5 Let the event $A$ be that the card drawn from a deck of cards is either $\diamondsuit$ or $\heartsuit$, i.e., a red suit, and the event $B$ be that the card is either $\clubsuit$ or $\spadesuit$, i.e., a black suit. Then if a card is drawn from a deck of cards, the card is either from $A$ or from $B$, but the card can not be from both sets at the same time, so $A \cap B = \emptyset$, making the events mutually exclusive by definition (given in the book at page $17$). On the other hand, if the drawn card is ace, say, for example that $A$ $=$ $\{$ $\mathcal{A}\clubsuit,$ $\mathcal{A}\diamondsuit,$ $\mathcal{A}\heartsuit,$ $\mathcal{A}\spadesuit$ $\}$ and that the drawn card is $B$ $=$ $\{$ $\mathcal{A}\heartsuit,$ $2\heartsuit,$ $\ldots,$ $\mathcal{K}\heartsuit$ $\}$, then $A \cap B$ $=$ $\{ \ \mathcal{A}\heartsuit \ \}$ $\neq$ $\emptyset$, so these events are not mutually exclusive.

6 The events are not mutually exclusive since the intersection $A \cap B$ has a probability value or the intersection is not an empty set.

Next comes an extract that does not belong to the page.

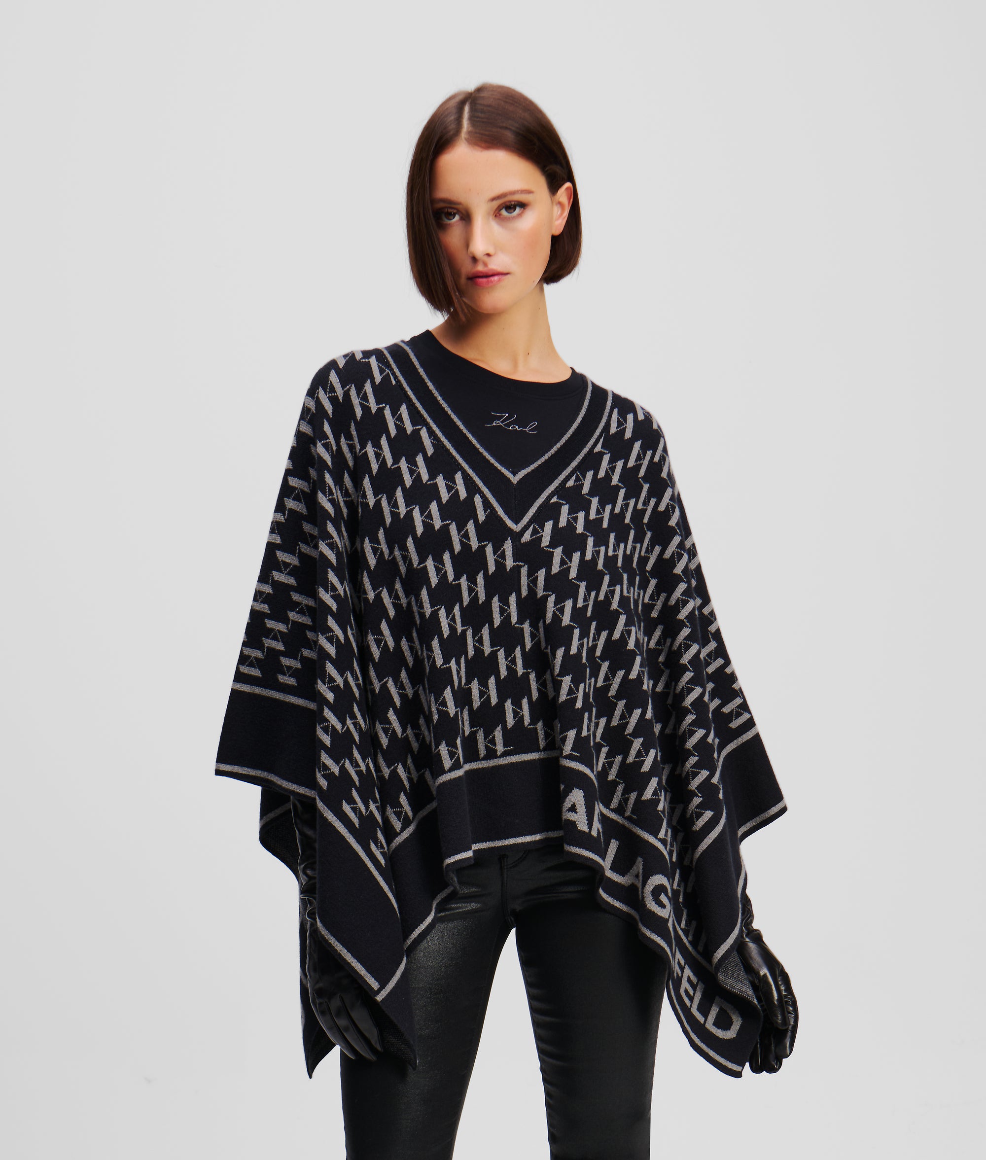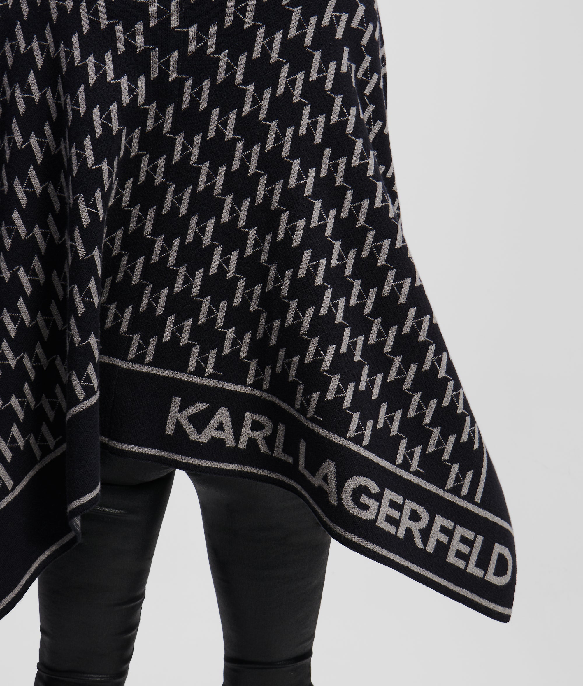 This cozy knitted cape features a V-neckline and a striking all-over KARL Monogram design. Bold KARL LAGERFELD detailing at the hem adds a statement touch.

Assuming that $A^\prime \cup B^\prime$ $=$ $\emptyset$,

$$ \begin{array}{ r c l } 1 & = & P(A) + P(B) - P(A \cap B) \\[0.5em] & = & 0.4 + P(B) - 0.3 \end{array} $$

$$ \phantom{.} \ P(B) = 1 - 0.4 - 0.3 = 0.4 \ , $$

which is a possible value for probability $P(B)$.

7 Because

$$ P(A \cup B) = P(A) + P(B) - P(A \cap B) $$

then, given the probabilities of the exercise,

$$ \phantom{,} \ 0.8 = 0.5 + P(B) - 0.1 \ , $$

so solving for $P(B)$ it can be shown that

$$ \phantom{.} \ P(B) = 0.8 - 0.5 + 0.1 = 0.4 \ . $$

Substituting the probability $P(B)$ back to origianal equation it can be seen that $0.8$ $=$ $0.5$ $+$ $0.4$ $-$ $0.1$ $=$ $0.8$, that is, the probability value of $P(B)$ solves the problem, so $P(B) = 0.4$.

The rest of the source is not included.